KUALA LUMPUR (Reuters) – Malaysian prosecutors may reconsider a murder charge made against a teenage girl accused of killing her newborn son, pending the outcome of a probe into allegations the baby was conceived of rape, the attorney general’s office said on Friday.
The 15-year-old was charged with murder on Tuesday after her son was found last week with stab wounds to his chest, but activists have called for the case to be re-classified as infanticide and for the girl to be released on bail.
The teenager, whose identity authorities have withheld, has alleged the baby was conceived when she was raped by a man in his 20s, according to police.

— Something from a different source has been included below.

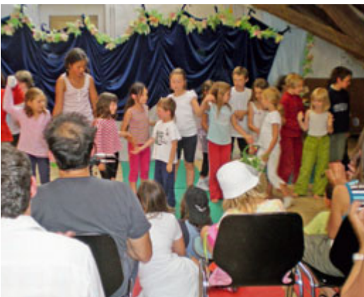
Kinderzirkus Toggo Schlussaufführung

A separate investigation is underway into the rape allegation and the man she has accused is wanted by authorities.
The attorney general’s office in a statement said the murder charge filed against the girl was “a transparent criminal justice process” based on statements and documentation by witnesses, forensic officials, and pathology experts.
But prosecutors can “review the original prosecution” and change it to another charge “based on additional developments as well as the results of the probe into the rape incident”, the statement added.
The charge of murder carries the death penalty in Malaysia, but if convicted, the girl would instead serve a prison sentence under alternative sentencing laws for minors.
The teen was detained after she was found holding the deceased baby at a house in Terengganu state on Malaysia’s east coast on Feb. 8.
Investigations later found the baby’s umbilical cord had been cut with a sharp object, as well as a stab wound, and other bodily injuries.